Weidmann: Notenbanken sollten klimabezogene finanzielle Risiken angemessen berücksichtigen

Bundesbankpräsident Jens Weidmann hat sich dafür ausgesprochen, dass Notenbanken in ihrem Risikomanagement klimabedingte finanzielle Risiken angemessen berücksichtigen, die sich aus ihren geldpolitischen Geschäften ergeben könnten. Daher sei es gerechtfertigt, bessere Informationen vorauszusetzen: „Das Eurosystem sollte erwägen, im Rahmen geldpolitischer Geschäfte nur solche Wertpapiere zu kaufen oder als Sicherheiten zu akzeptieren, deren Emittenten bestimmte klimabezogene Berichtspflichten erfüllen“, sagte Weidmann bei einer Rede beim European Banking Congress in Frankfurt am Main.

Zudem könnte das Eurosystem erwägen, Einstufungen von Ratingagenturen nur noch dann heranzuziehen, wenn finanzielle Risiken mit Klimabezug darin angemessen berücksichtigt seien, schlug er vor. Mit solchen Maßnahmen könnte das Eurosystem dazu beitragen, Markttransparenz und Standards bei Ratingagenturen und Banken zu fördern. Zentralbanken könnten somit als Katalysator für ein „grüneres“ Finanzsystem wirken und die Klimapolitiken in der EU unterstützen.  

Klimabezogene finanzielle Risiken adäquat im Risikomanagement berücksichtigen

Durch den Klimawandel und die Klimapolitik könnten finanzielle Risiken entstehen, die nicht nur individuelle Banken oder Investoren, sondern auch das gesamte Finanzsystem beeinträchtigen könnten. „In unserer Rolle als Aufsicht und Hüter der Finanzstabilität, müssen wir sicherstellen, dass Kreditinstitute finanzielle Risiken adäquat in ihrem Risikomanagement berücksichtigen – auch solche mit Klimabezug“, so Weidmann. Dieser Vorgabe müssten Notenbanken ebenfalls gerecht werden. Man sei es den europäischen Steuerzahlern schuldig, die finanziellen Risiken aus den geldpolitischen Maßnahmen im Zaum zu halten. „Erst recht, weil unsere Finanzanlagen den gleichen finanziellen Risiken ausgesetzt sein können wie die der privaten Banken“, sagte Weidmann.

Grundsatz der Marktneutralität bei den Kaufprogrammen für private Anleihen beachten

Kritisch sah Weidmann Vorschläge, die Geldpolitik aktiv zu nutzen, um klimapolitische Ziele zu verfolgen.

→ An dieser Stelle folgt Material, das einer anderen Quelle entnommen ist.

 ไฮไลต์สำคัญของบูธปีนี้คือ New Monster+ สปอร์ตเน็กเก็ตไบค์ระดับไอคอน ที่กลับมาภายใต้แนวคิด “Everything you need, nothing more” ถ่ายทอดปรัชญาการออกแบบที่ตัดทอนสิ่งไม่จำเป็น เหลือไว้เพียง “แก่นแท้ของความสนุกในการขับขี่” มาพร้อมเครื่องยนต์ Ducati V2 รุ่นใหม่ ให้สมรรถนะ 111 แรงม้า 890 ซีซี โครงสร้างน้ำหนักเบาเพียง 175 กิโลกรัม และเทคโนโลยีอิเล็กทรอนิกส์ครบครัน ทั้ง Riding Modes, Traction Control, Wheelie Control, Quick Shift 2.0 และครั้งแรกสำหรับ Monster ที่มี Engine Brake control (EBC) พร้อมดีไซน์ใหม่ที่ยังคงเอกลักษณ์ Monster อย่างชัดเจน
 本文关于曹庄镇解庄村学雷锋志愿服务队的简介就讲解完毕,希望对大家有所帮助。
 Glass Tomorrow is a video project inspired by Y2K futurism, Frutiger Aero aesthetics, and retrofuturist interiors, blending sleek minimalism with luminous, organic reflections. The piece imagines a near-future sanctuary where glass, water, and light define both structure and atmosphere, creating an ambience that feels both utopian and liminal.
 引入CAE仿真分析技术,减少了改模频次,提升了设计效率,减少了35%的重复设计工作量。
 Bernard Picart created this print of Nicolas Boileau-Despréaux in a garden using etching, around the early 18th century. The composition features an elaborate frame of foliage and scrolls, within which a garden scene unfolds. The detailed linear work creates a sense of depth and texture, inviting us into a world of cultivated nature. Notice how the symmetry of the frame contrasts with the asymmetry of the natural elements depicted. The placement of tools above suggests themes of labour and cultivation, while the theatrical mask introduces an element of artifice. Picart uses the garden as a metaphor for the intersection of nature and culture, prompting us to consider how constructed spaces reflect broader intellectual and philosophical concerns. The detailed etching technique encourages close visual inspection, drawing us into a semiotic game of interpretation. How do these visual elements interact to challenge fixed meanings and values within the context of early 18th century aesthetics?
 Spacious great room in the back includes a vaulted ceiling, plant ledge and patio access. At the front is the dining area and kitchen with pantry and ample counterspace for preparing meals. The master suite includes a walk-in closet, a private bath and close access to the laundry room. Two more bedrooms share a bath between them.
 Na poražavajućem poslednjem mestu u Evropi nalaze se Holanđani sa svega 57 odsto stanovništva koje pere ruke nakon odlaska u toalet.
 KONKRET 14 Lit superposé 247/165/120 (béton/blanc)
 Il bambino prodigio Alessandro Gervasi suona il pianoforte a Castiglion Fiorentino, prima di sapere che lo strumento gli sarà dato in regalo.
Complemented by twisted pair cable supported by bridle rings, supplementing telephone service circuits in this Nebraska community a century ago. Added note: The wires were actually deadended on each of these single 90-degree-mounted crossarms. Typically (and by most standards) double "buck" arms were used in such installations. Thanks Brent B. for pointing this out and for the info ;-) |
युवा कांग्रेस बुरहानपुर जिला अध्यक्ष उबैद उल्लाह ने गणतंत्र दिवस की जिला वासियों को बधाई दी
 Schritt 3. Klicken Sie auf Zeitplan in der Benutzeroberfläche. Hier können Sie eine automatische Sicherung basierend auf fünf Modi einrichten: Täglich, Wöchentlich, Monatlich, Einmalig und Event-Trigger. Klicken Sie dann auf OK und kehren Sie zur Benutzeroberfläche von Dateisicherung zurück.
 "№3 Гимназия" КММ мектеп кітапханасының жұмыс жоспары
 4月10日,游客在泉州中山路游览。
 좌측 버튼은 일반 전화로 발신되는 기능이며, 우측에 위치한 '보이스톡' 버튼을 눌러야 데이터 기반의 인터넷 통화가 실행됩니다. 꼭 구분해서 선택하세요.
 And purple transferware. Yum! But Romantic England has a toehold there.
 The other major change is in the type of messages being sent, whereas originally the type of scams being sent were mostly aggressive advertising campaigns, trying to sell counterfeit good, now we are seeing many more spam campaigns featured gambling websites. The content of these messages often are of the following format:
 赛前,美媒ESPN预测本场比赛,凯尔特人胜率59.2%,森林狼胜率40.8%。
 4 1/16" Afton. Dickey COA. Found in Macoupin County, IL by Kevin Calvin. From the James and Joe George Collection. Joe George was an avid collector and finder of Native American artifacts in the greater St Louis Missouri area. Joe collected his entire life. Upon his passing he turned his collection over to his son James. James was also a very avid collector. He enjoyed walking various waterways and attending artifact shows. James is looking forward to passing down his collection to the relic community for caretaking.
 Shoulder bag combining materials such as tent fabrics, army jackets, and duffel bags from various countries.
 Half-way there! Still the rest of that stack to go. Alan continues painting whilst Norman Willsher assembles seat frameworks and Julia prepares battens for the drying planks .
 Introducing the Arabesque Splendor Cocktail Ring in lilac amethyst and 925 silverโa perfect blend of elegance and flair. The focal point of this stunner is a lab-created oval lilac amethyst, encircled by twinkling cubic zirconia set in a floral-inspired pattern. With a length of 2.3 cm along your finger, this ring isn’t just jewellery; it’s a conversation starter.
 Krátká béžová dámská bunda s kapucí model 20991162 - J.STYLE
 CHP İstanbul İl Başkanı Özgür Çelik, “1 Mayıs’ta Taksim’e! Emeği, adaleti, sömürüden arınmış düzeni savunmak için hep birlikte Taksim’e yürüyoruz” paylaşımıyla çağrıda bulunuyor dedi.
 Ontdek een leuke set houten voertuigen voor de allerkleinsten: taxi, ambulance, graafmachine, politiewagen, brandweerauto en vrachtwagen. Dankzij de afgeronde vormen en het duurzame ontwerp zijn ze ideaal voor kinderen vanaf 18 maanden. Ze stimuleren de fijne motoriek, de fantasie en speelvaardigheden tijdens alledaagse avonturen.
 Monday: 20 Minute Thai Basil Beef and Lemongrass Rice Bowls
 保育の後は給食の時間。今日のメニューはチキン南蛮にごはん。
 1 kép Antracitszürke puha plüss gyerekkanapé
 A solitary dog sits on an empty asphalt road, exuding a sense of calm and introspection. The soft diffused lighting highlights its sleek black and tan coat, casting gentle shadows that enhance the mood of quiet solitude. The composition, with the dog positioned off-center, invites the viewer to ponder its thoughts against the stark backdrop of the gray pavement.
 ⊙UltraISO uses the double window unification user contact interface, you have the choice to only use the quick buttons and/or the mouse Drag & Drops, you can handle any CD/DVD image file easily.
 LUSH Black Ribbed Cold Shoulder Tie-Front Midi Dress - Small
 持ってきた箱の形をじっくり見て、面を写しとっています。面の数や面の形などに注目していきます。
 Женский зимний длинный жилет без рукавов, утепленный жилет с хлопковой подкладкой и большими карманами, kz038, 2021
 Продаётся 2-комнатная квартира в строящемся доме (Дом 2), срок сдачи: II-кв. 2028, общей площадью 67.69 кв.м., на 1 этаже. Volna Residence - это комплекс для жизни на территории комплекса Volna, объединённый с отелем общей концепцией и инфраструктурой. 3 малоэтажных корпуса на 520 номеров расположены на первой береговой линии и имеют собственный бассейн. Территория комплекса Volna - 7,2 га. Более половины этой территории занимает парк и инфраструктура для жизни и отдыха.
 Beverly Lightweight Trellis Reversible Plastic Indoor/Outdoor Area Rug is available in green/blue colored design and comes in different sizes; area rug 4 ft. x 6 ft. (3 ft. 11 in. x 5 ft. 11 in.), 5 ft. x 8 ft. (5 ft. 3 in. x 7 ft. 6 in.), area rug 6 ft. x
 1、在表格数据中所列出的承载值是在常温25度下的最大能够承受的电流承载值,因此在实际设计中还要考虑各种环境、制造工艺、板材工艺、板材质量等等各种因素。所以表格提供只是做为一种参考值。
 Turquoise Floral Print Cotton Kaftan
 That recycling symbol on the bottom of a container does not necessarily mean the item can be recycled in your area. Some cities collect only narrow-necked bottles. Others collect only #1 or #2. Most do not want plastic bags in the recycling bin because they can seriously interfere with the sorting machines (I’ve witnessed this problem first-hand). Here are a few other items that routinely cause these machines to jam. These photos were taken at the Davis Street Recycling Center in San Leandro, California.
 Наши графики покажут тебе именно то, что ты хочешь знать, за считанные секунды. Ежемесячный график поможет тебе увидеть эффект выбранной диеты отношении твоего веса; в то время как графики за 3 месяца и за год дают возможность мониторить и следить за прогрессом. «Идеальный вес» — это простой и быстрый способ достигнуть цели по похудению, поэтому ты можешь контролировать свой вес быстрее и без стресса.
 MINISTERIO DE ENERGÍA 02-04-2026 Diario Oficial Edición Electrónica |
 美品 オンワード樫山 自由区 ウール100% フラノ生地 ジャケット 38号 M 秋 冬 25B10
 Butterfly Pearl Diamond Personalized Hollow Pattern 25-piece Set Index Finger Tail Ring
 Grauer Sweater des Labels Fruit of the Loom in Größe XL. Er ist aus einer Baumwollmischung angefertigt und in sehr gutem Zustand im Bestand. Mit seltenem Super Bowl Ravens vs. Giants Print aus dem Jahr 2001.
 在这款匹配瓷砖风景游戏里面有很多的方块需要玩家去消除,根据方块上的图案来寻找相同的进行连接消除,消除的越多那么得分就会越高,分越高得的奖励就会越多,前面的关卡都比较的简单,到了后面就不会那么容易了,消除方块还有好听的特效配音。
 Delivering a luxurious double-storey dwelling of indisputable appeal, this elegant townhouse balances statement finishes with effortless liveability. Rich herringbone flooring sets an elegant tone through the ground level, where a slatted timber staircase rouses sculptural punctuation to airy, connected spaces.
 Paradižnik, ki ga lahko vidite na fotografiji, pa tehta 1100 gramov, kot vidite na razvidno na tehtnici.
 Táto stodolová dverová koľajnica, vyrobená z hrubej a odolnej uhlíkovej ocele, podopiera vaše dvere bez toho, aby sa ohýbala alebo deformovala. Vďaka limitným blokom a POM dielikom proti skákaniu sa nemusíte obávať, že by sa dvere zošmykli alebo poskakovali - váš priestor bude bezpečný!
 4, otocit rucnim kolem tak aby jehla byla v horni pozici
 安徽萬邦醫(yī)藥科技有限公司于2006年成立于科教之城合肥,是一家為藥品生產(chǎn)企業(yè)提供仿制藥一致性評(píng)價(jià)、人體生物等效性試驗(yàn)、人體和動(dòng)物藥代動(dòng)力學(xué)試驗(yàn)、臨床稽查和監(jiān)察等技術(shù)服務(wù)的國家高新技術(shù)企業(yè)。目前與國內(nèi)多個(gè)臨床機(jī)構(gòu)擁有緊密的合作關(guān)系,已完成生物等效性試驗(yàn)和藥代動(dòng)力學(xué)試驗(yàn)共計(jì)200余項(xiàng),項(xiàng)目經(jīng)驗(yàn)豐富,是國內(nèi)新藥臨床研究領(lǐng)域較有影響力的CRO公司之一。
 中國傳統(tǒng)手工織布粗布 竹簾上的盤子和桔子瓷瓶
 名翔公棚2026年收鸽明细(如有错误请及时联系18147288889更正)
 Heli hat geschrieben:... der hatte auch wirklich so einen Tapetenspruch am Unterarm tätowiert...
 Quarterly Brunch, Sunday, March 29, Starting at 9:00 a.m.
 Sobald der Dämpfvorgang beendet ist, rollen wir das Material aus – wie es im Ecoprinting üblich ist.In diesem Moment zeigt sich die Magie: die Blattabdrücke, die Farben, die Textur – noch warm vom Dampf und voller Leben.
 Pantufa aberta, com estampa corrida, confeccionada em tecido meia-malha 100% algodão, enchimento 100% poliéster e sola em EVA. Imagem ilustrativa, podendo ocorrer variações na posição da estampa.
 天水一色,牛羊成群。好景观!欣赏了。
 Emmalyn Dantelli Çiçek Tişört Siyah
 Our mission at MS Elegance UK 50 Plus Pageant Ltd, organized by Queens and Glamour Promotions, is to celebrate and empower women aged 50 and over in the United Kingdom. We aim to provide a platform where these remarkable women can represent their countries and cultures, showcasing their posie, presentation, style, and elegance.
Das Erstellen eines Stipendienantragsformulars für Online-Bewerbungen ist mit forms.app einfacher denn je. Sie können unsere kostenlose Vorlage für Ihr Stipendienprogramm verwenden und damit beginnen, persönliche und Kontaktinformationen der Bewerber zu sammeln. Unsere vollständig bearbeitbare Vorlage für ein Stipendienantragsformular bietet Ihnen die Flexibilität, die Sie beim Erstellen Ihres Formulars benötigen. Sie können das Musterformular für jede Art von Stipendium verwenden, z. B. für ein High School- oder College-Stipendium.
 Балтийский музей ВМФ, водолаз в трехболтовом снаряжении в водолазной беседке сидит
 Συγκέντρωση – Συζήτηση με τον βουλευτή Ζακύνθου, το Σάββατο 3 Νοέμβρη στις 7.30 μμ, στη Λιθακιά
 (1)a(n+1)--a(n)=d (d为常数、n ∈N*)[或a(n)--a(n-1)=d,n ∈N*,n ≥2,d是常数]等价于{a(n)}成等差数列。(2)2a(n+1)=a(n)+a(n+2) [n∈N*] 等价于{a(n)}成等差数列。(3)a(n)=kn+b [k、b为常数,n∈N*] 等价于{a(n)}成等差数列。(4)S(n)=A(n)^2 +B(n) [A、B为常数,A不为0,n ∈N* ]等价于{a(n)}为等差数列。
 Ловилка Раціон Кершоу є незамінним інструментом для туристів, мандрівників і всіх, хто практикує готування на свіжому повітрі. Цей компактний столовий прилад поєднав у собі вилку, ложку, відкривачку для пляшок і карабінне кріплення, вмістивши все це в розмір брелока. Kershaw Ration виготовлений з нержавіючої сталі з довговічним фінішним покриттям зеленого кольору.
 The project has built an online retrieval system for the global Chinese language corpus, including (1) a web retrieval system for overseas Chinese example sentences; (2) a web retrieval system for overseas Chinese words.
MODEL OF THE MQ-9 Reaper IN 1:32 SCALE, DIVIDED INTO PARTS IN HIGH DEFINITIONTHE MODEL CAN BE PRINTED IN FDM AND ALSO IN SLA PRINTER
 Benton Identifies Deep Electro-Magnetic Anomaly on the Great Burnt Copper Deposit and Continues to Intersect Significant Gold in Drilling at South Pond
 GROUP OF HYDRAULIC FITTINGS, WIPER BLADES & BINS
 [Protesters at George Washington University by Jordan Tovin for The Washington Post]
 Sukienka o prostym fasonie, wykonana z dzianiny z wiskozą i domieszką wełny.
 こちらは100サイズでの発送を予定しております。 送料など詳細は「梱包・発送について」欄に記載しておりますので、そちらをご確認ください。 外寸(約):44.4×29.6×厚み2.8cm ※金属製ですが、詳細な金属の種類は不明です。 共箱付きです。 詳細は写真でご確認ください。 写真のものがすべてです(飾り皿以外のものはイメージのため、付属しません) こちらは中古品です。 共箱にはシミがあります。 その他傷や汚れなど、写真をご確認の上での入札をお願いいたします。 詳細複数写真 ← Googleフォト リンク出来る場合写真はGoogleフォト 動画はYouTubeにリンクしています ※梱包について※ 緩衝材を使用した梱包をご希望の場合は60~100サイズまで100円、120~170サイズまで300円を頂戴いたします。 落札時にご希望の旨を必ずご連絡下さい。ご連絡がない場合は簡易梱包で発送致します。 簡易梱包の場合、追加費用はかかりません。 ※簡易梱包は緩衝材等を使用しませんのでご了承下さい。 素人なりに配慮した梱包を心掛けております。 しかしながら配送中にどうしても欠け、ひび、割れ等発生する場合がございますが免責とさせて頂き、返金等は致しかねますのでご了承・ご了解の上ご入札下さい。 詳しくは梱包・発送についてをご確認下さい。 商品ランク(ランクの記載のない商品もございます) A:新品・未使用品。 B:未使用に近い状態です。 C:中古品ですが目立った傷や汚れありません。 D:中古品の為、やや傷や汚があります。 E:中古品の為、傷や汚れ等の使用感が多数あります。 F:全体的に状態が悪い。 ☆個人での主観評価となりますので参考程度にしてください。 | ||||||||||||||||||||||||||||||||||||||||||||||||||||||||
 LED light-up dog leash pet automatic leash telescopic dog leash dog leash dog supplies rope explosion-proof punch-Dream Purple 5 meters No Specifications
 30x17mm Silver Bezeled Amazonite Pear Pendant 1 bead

Auf Forderungen an das Eurosystem, Wertpapiere von den Kaufprogrammen auszuschließen, wenn deren Emittenten viel Kohlendioxid emittieren, erwiderte Weidmann: „Es ist nicht Aufgabe des Eurosystems, bestimmte Wirtschaftszweige zu bestrafen oder zu fördern.“ Damit die Anleihekaufprogramme ihre gewünschte Wirkung entfalten könnten, müssten sie breit angelegt sein. Deshalb gelte der Grundsatz der Marktneutralität. Marktverzerrungen zu beseitigen, habe oft komplexe Verteilungswirkungen zur Folge. „Solche Entscheidungen benötigen eine starke demokratische Legitimation und sind Sache von Regierungen und Parlamenten“, sagte Weidmann. Regierungen hätten die richtigen Werkzeuge und die demokratische Vollmacht, diese Werkzeuge einzusetzen.

Unabhängigkeit nicht untergraben

Weidmann warnte in seiner Rede davor, dass eine aktive Rolle in der Klimapolitik die Unabhängigkeit der Notenbanken untergraben und letztlich deren Fähigkeit gefährden könnte, die Preisstabilität zu sichern. Dem Eurosystem sei Unabhängigkeit nicht gewährt worden, um Entscheidungen zu treffen, vor denen Politiker zurückschreckten, so Weidmann. Die Notenbanken seien unabhängig, um den Auftrag zur Sicherung stabiler Preise besser erfüllen zu können. Langfristig sei Preisstabilität der beste Beitrag, den die Geldpolitik für unseren Wohlstand leisten könne.